If you have back pain, you are not alone. Back pain is common in all age groups and fitness levels. Perhaps you’ve heard that strengthening your core can help relieve back pain, so taking a Pilates class or doing daily planks. Both are great, but most people only focus on the transversalis muscles – the deep muscle tissue at the front of your abdomen.
That’s an essential part of strengthening your core, but not the whole story. The back muscles – particularly the multifidus muscles – are an integral part of our essence that is often overlooked. The key to get rid of back pain, prevent injury from exercise or sport, and have a more powerful body, is to strengthen the muscles on all sides of the spine – or as I like to call it, its hidden core.
Although I am a neurosurgeon, I focus on non-invasive solutions for people dealing with back pain. In my book, End of pain, access your Hidden Core heal your body, I write about how we can build a better back, and that’s what I’ll share with you here.
Fortunately, our culture is making a slow change of treating disease to promoting health through prevention. Core strengthening structures can protect the back. This approach is a bit generalized, but can serve as a base for all kinds of sports and exercise.
How to Build Your Core
1. Emphasize the posterior core.
Most of us started with relatively more strength in the abdominal muscles in the back muscles. The core is a set of muscles that wrap around the body. The muscles that are behind us – what I call the hidden core – To become the most important and should be overworked on the principle of creating greater symmetry.
2. Emphasize endurance over power.
Core training should start with high reps to build endurance. This focuses on mainly slow twitch muscles that are responsible for posture and stability. The table and bird-dog exercises illustrated in my book do progressively periods of increasingly longer time.
3. Emphasize strength over stretching.
Many therapists focus on stretching to help with back pain, but excessive stretching compared with building can create vulnerabilities. Strengthen the first and once there is a baseline of strength, add stretching.
4. Understand the difference between bending the back and hip-hinging.
The understanding and application of this concept is essential. Awareness begins with the understanding that while back bends, you have a choice between doubling back and perform the same task with a straight back and closed by turning the pelvis forward (hip hinge). Hip-joint is much safer. As you gain technique to flex and strength to sustain it, get back protector.
5. Exercises should be designed to functionally use multiple muscle groups simultaneously.

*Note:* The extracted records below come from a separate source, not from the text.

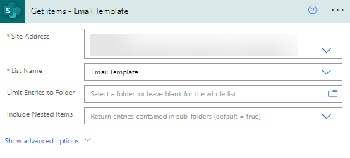 Step:2 Add the “Get Items” action and specify the site address and list name that the user has created Template in the list.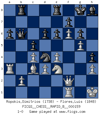 Last move : 1-0 2010 October 18 11:48:12 [Event "FICGS__CHESS__RAPID_B__000159"] [Site "FICGS"] [Date "2010.09.02"] [Round "1"] [White "Ropokis,Dimitrios"] [Black "Flores,Luis"] [Result "1-0"] [WhiteElo "1738"] [BlackElo "1848"] 1.e4 c5 2.Nc3 Nc6 3.f4 g6 4.Nf3 Bg7 5.Bb5 Nd4 6.O-O Nxb5 7.Nxb5 d6 8.d3 Nf6 9.c4 O-O 10.Nc3 a6 11.Qe2 Be6 12.a4 Qc7 13.a5 Bg4 14.h3 Bxf3 15.Qxf3 e6 16.f5 Nd7 17.Kh1 Bd4 18.Ne2 Bg7 19.Nc3 Ne5 20.Qg3 Nc6 21.f6 Bh8 22.Bd2 Rac8 23.Nd1 Nd4 24.Ra3 h5 25.Ne3 Rb8 26.Qf2 b5 27.axb6 Qxb6 28.Bc3 Rfe8 29.g4 h4 30.g5 1-0 Sicilian : Grand Prix attack Kingside Castling by player White (move 6) Kingside Castling by player Black (move 9) Player White won this chess game. Follow this game move after move (download)The hardest game to win is a won game. (Emanuel Lasker) Ich bin der einzige Schachspieler, der sich während der Vorbereitungen zum Turnier verletzt hat. (Woody Allen) Una clavada es mas poderosa que una espada. (Fred Reinfeld) Comme les marins qui ont mille raisons différentes d'aller en mer, les joueurs d'échecs en ont tout autant avant de s'installer devant une table et jouer... (Vincent Bertignac, philosophe) The problem with manipulation is that people can turn on you. (Horatio Caine, C.S.I. Miami)
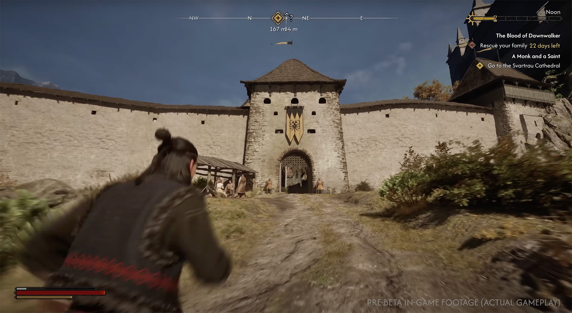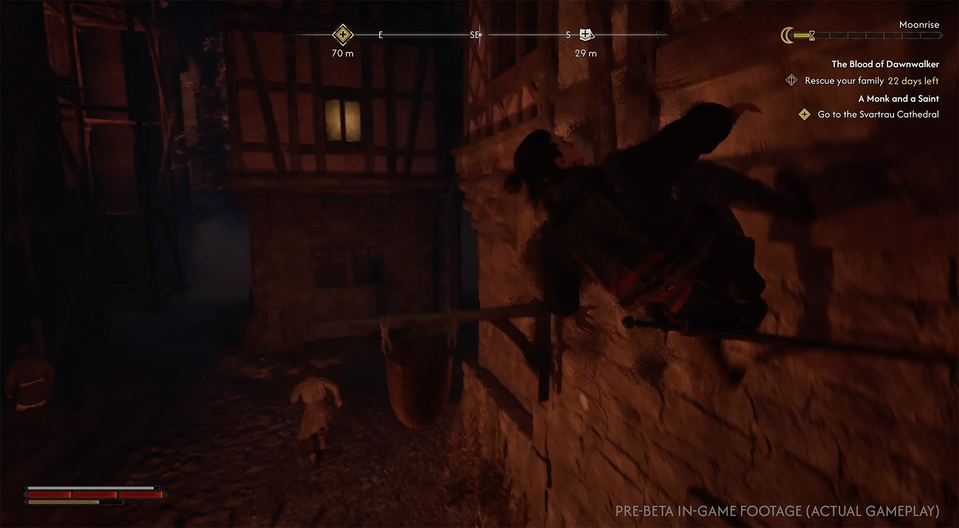 В представленном ролике мы видим, как днем Коэн свободно путешествует по дорогам, входит в город и даже посещает собор без каких-либо проблем. Это указывает на то, что днем основное взаимодействие с миром строится вокруг социальных механик и проникновения в локации "с парадного входа".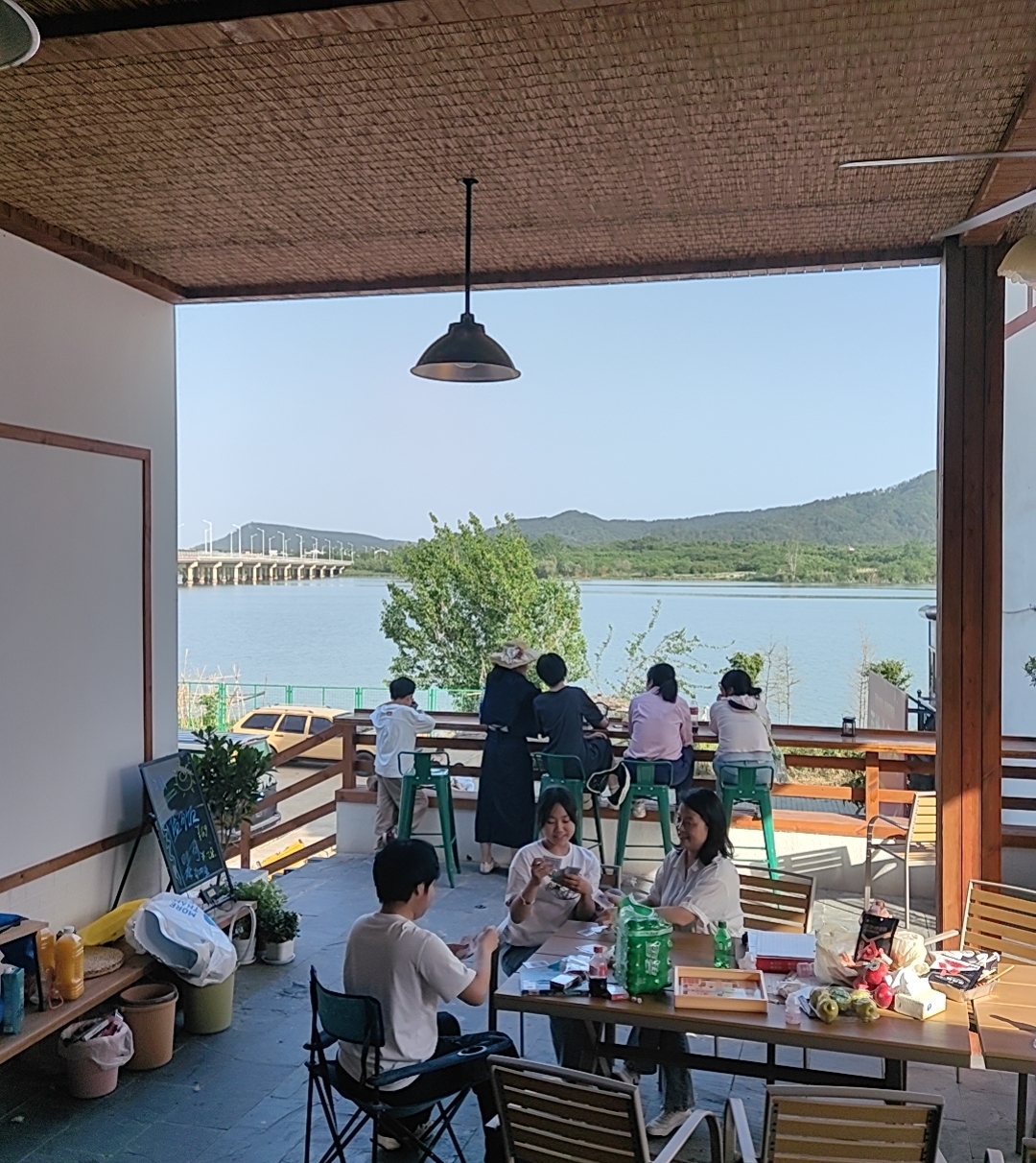 2017年,渔业村完成美丽乡村改造。2019年,嵩阳大道通车,一桥跨过渔业村通进村里。那年起,一家家民宿在村里开起来,进村的游客也越来越多。

This is called neuromuscular training. The idea is to train movements, not muscles. The burpee and the Turkish get-up is illustrated in my book are two exercises that require several simultaneous actions that functionally strengthen the core.

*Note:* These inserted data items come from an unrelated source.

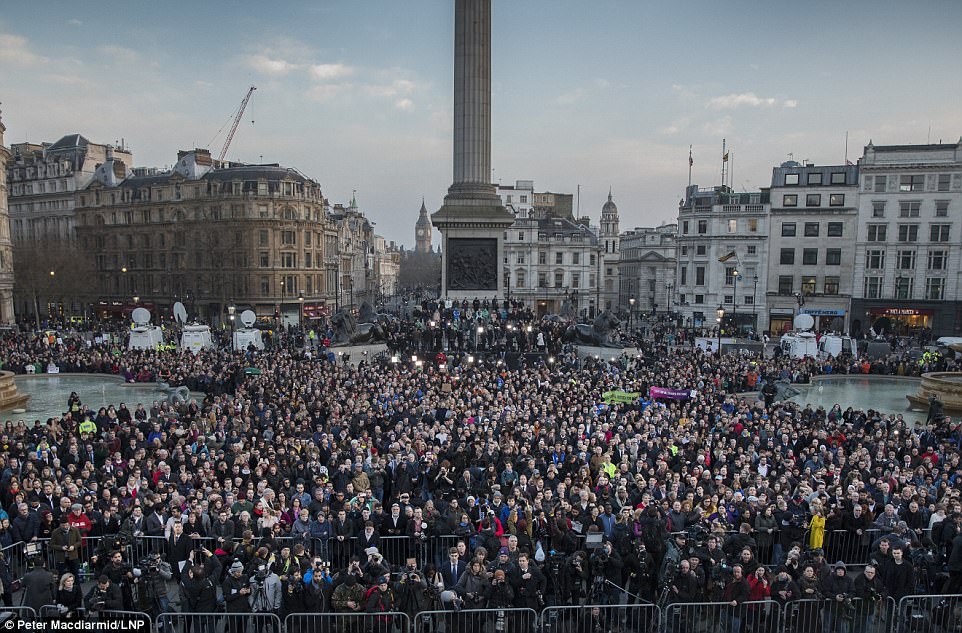 当地时间3月23日晚,伦敦市中心的特拉法加广场,伦敦市政厅为恐袭事件的遇难者举行烛光守夜活动,数千居民和游客聚集在这里,悼念受害者。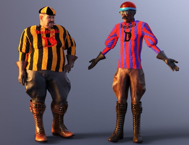 Vintage style clothing for stunt biker performing on carnival sideshows like Wall of the Death or Globe of Death. Clothing consists of padded striped dress with balloon sleeves, leather riding pants with high laced boots. There is also gloves and leather hood with helmet, along with goggles or simple peak hat in club colors for more options. Morphs for adjusting dress balloon sleeves are including for easier posing. Dress is dForce ready for easier posing. There are two color variants for most of items, dark and brown for leather items and red and blue or orange and black for club colors.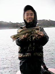 私はラバジ、センコー、4インチグラブのテキサスで探るもセンコーで1度バイトがあったのみ。操船して先行する近藤さんが、そこ、あそこと討ち残しを作って場所を教えてくれるが、なかなかこない。そこで牛久で実績のある黒のゲーリージャンボグラブを分けてもらいテキサスリグをシンカー固定にして挑戦。そしてやっときました、かわいいが牛久の初バス。近藤さんはめったに釣らない30未満のバス。根つきのバスは黒い? 確かに模様が黒々とはっきりしている。だんだんアシ討ちの要領がわかって来てパラアシで2匹目やっと30Cm。サイズアップを狙うも昼過ぎ。一度上がると桟橋が一部水没しており水位が急激に上がっている様子。休憩後もう1度ボートを出したが反応なしで、風もおさまらないので本日終了。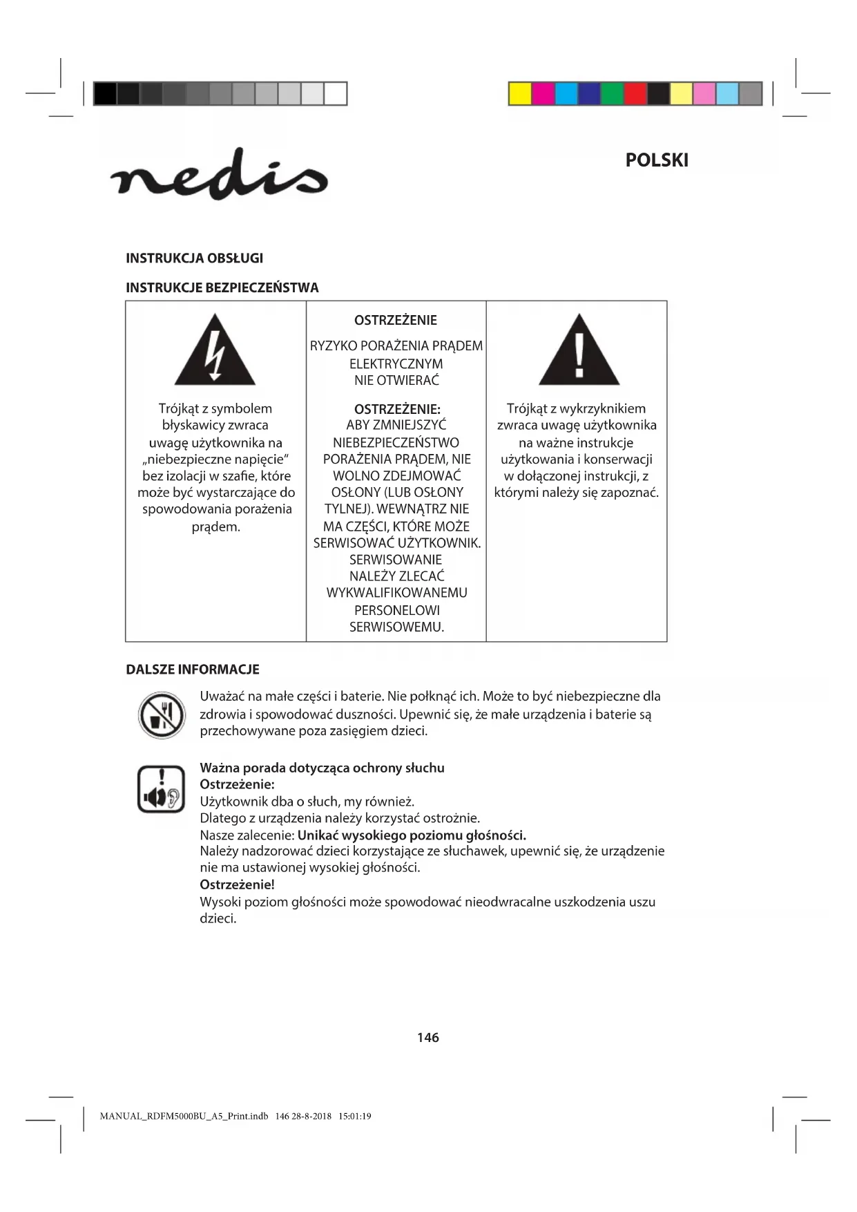 NIE OTWIERAĆ Wskazówki dotyczące bezpieczeństwa: Aby zmniejszyć ryzyko porażenia prądem elektrycznym, produkt ten mogą otwierać WYŁĄCZNIE upoważnieni technicy, gdy konieczne jest przeprowadzenie prac serwisowych. W przypadku napotkania problemu należy odłączyć produkt od zasilania oraz od innych urządzeń. Nie wystawiać produktu na działanie wody i wilgoci. Konserwacja: Czyścić wyłącznie suchą szmatką. Nie stosować płynów do czyszczenia ani środków ściernych. Gwarancja: Producent nie udziela żadnych gwarancji ani nie ponosi odpowiedzialności za żadne zmiany i modykacje produktu ani za uszkodzenia spowodowane nieprawidłowym użyciem niniejszego produktu. Informacje ogólne: Wszystkie projekty i specykacje mogą zostać zmienione bez uprzedniego powiadomienia. Wszystkie loga oraz nazwy marek i produktów są znakami towarowymi lub zastrzeżonymi znakami towarowymi ich właścicieli i niniejszym są za takie uznawane. Niniejszą instrukcję oraz opakowanie należy zachować celem wykorzystania w przyszłości. Uwaga: Produkt ten jest oznaczony następującym symbolem. Oznacza to, że zużytego sprzętu elektrycznego i elektronicznego nie można mieszać z innymi odpadami domowymi. Istnieje oddzielny system zbierania takich produktów. Produkt ten został wyprodukowany i dostarczony zgodnie z przepisami i dyrektywami obowiązującymi we wszystkich państwach członkowskich Unii Europejskiej. Produkt jest również zgodny ze wszystkimi obowiązującymi specykacjami i przepisami krajów, w których jest sprzedawany. Ocjalna dokumentacja dostępna jest na żądanie. Dokumentacja ta obejmuje, ale nie ogranicza się do: Deklaracji zgodności (i tożsamości produktu), Karty charakterystyki substancji niebezpiecznej oraz raportu z testów produktu. Prosimy o kontakt z naszym działem obsługi klienta w celu uzyskania pomocy: na stronie internetowej: http://www.nedis.com/en-us/contact/contact-form.htm wysyłając wiadomość e-mail: service@nedis.com telefonicznie: +31 (0)73-5993965 (w godzinach pracy biura) NEDIS B.V., De Tweeling 28, 5215 MC ’s-Hertogenbosch, HOLANDIA MANUAL_RDFM5000BU_A5_Print.indb 154 28-8-2018 15:01:20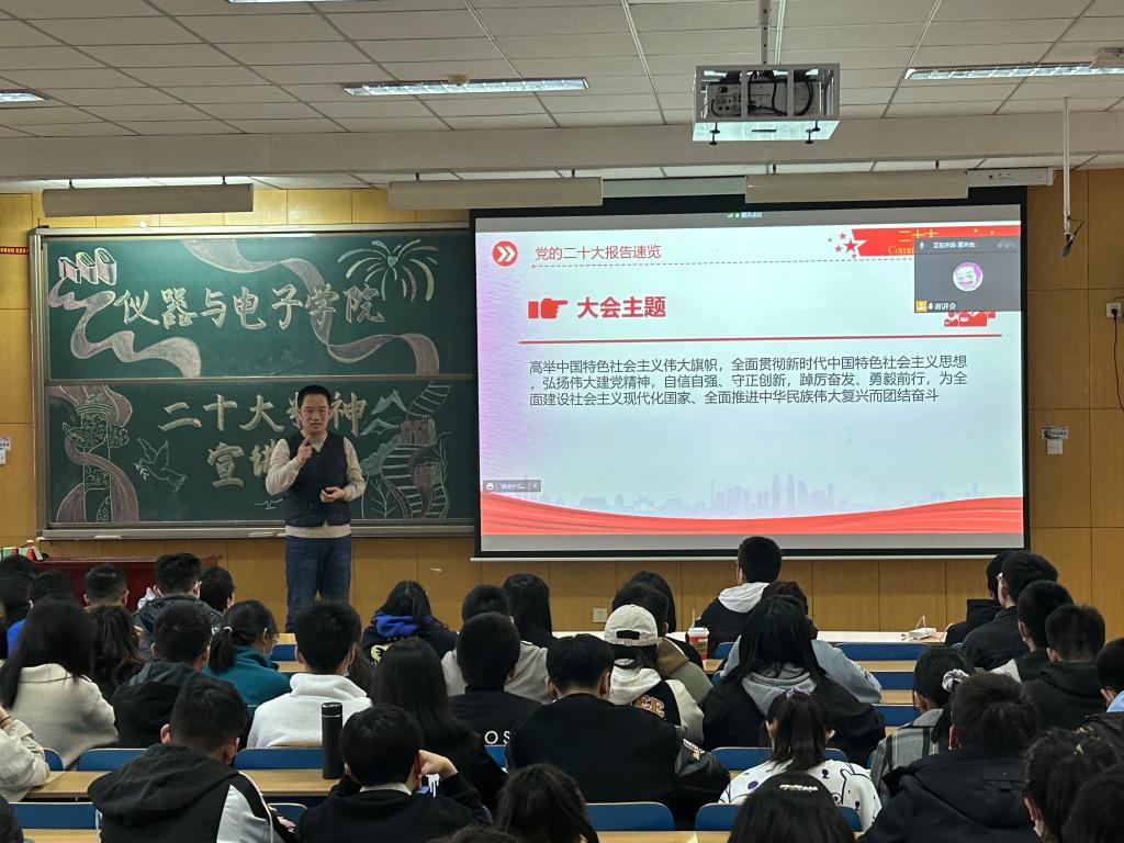 为深入学习贯彻党的二十大精神,2023年3月7日下午,党的二十大精神校内宣讲团成员、仪器与电子学院辅导员郭乐祥老师以《深学细悟党的二十大精神 踔厉奋发肩负青春使命》为题,在11508H教室,通过线上线下相结合的形式面向学院全体党员进行了宣讲。

6. Exercises should be done standing or occasionally on one leg at a time.
This improves balance. This concept can be seen in many forms of yoga. Improve balance will also prevent injuries.

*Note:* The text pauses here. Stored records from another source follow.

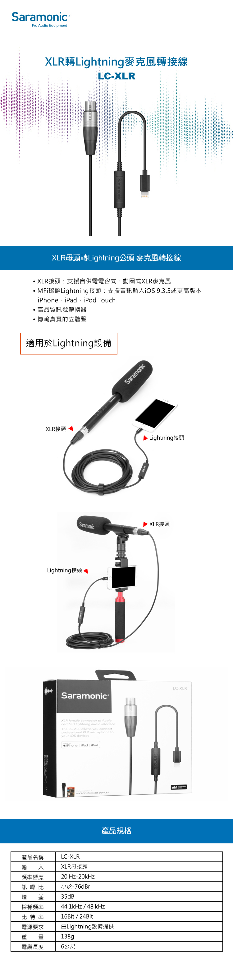 • MFi認證Lightning接頭:支援音訊輸入iOS 9.3.5或更高版本的iPhone、iPad、iPod Touch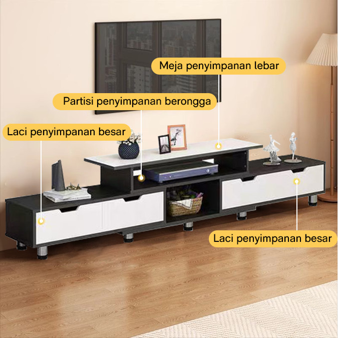 ☕Variabel 1.2-1.9m☕Meja TV Modern Kayu+Logam Aesthetic Lemari TV Ruang Tamu Rak TV Minimalis Bufet Kabinet TV Serbaguna Lemari Byn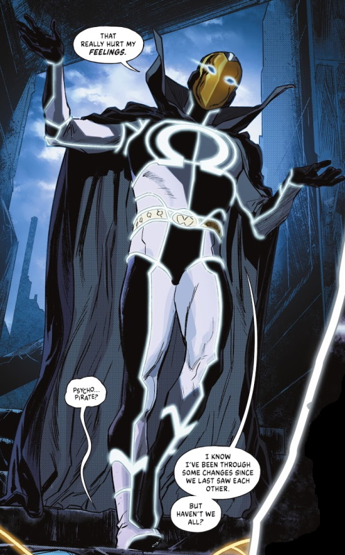 Page 24 – Panel 1: . . . The Psycho Pirate who had a makeover courtesy of Darkseid at the end of INFINITE FRONTIER SECRET FILES.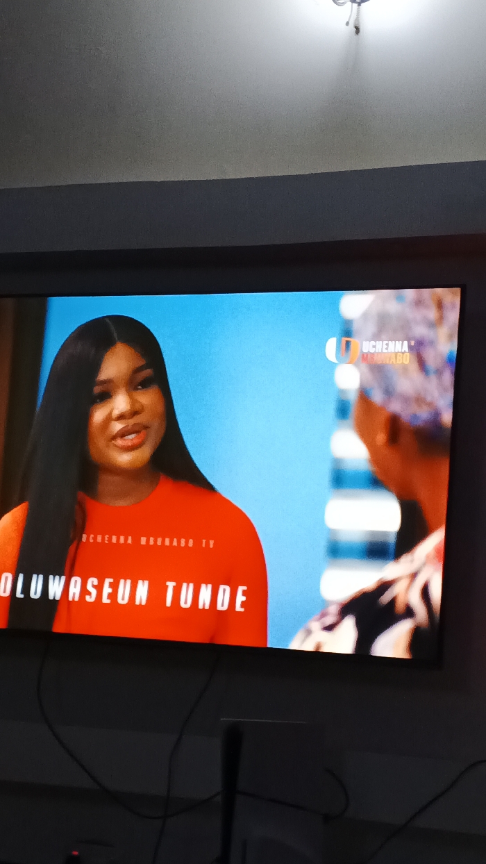 A television screen displays a woman with dark hair and a red shirt. “OLUWASEUN TUNDE” is in bold white text across the shirt. A logo in the upper right corner reads “UCHENNA MBUNABO TV.” The background is light blue. A person with obscured features and a colorful headdress is partially visible on the right side of the screen. The television is mounted on a wall with visible cables and a dark surface below the screen. A ceiling and a light fixture are also visible at the top of the image.

7. Using exercise to improve in several areas.
Exercise should not only focus on building strength, but also improving the shape and posture.
Benefits of a Strong hidden Core
- Starting with the core is essential, because it holds the nervous system, of course, is the real enabler of all sports.
- Strengthening the core will maximize their power in the arms and legs.
- Construction of the plant will have the strongest effect on aesthetic appearance.
Unfortunately, injuries will always be a part of sports. The two most commonly encountered injuries behind sports are the herniated disc and spondylolysis, both of which can be avoided in part to a strong core, neuromuscular and balance training, and an emphasis on form and posture during training.
Pushing your body to the limit is natural for athletes and fitness enthusiasts many, but with a strong hidden core, which greatly reduce the risk of injury, and you can make your body a more powerful tool in their sport or the exercise of the option. Its real strength is not measured by how much you can bench press, but on the strength of its core – especially those hidden in your back muscles.